Since 2.11.0 behaves differently as 2.9.0, we may need to do further test to support 2.11.0. To avoid the dependency issue discussed above, as a workaround, we can first install tensorflow 2.9.0 and tensorflow-serving-api 2.9.0 as well. Then installing tensorflow_ranking won't force you to use tensorflow 2.11.0.
@nyamashi Are the above explanations clear to you? Any further inputs from your side?
I've confirmed with
load_checkpoint()
and evaluate()
like https://github.com/intel-analytics/BigDL/issues/7386#issuecomment-1411618802.The outcome is:
{'validation_ndcg@5': 0.32869571447372437, 'validation_ndcg@10': 0.40685272216796875, 'validation_ndcg': 0.47980841994285583, 'validation_MAP@5': 0.27017077803611755, 'validation_MAP@10': 0.3045196235179901, 'validation_MAP': 0.3269171416759491}
The values are quite similar with the result of the case 2022/05 of https://github.com/intel-analytics/BigDL/issues/7386#issuecomment-1411618802. So this issue is definitely cased by tf or/and tf-related packages.
@nyamashi Thanks for confirming this! So you may still use tensorflow 2.9.0 at this moment and we will have a separate issue (https://github.com/intel-analytics/BigDL/issues/7402) of checking our support for tensorflow 2.11.0. Is it OK on your side? 😄
@hkvision
👍 Yes, I'm OK! I'll use tensorflow==2.9.0
for my project with bigdl==2.2.0
and be watching the issue https://github.com/intel-analytics/BigDL/issues/7402.

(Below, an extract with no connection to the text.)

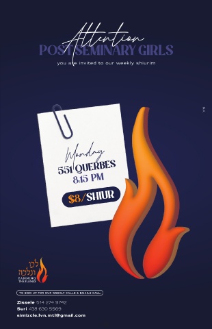 Attention POST SEMINARY GIRLS you are invited to our weekly shiurim Monday 551 QUERBES 8:15 PM $8/SHIUR TO SIGN UP FOR OUR WEEKLY CALLS & EMAILS CALL: Zissele 514 274 9742 Suri 438 630 5569 simizcle.lvn.mtl@gmail.com 56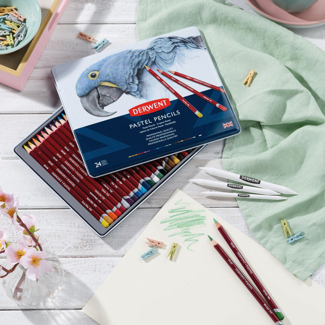 These pencils sharpen easily so you can enjoy the beauty of pastels with the precision of a pencil. The barrel coating on the pencils uses Derwent's environmentally friendly water-based paint technology.

I really appreciate your support!
Sure, no problem! Thank you for pointing out this issue, actually we haven't been aware of this previously😂 Will notify you when we have done with tensorflow 2.11 :)
Reported by the customer: When upgrading the BigDL package to 2.2.0 from 2.1.0b20220519, tf2.Estimator.evaluate() looks not correct.
@lalalapotter @sgwhat Check if we have changed anything from 20220519 to 2.2.0?